▸ ASSIGNMENT: The listing below holds pictures; exclude them. Return exactly the lines from the one with "古い芝翫香の共ケース付です。" through the one with "Record. | |||||".

▸ EXCERPTED DATA:

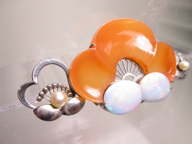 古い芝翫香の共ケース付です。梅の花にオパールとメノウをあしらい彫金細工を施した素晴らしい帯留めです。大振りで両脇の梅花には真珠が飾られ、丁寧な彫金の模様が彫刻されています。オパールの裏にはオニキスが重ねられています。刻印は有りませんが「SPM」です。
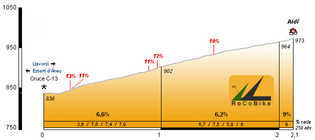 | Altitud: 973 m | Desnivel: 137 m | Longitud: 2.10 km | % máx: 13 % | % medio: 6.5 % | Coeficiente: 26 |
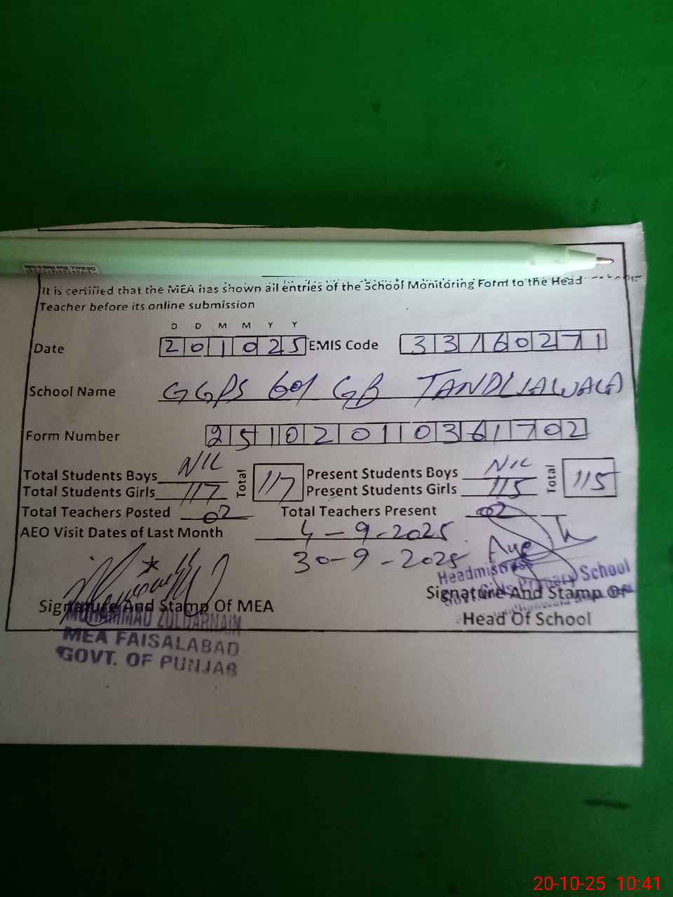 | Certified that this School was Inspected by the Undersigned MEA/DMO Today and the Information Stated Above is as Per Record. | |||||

* * *

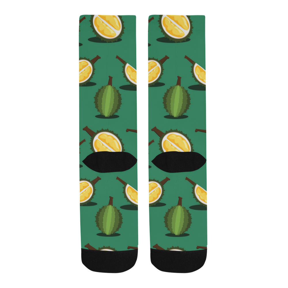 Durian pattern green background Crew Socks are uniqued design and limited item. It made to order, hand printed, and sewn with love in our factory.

▸ RESULT FOR THIS EXERCISE:
 古い芝翫香の共ケース付です。梅の花にオパールとメノウをあしらい彫金細工を施した素晴らしい帯留めです。大振りで両脇の梅花には真珠が飾られ、丁寧な彫金の模様が彫刻されています。オパールの裏にはオニキスが重ねられています。刻印は有りませんが「SPM」です。
 | Altitud: 973 m | Desnivel: 137 m | Longitud: 2.10 km | % máx: 13 % | % medio: 6.5 % | Coeficiente: 26 |
 | Certified that this School was Inspected by the Undersigned MEA/DMO Today and the Information Stated Above is as Per Record. | |||||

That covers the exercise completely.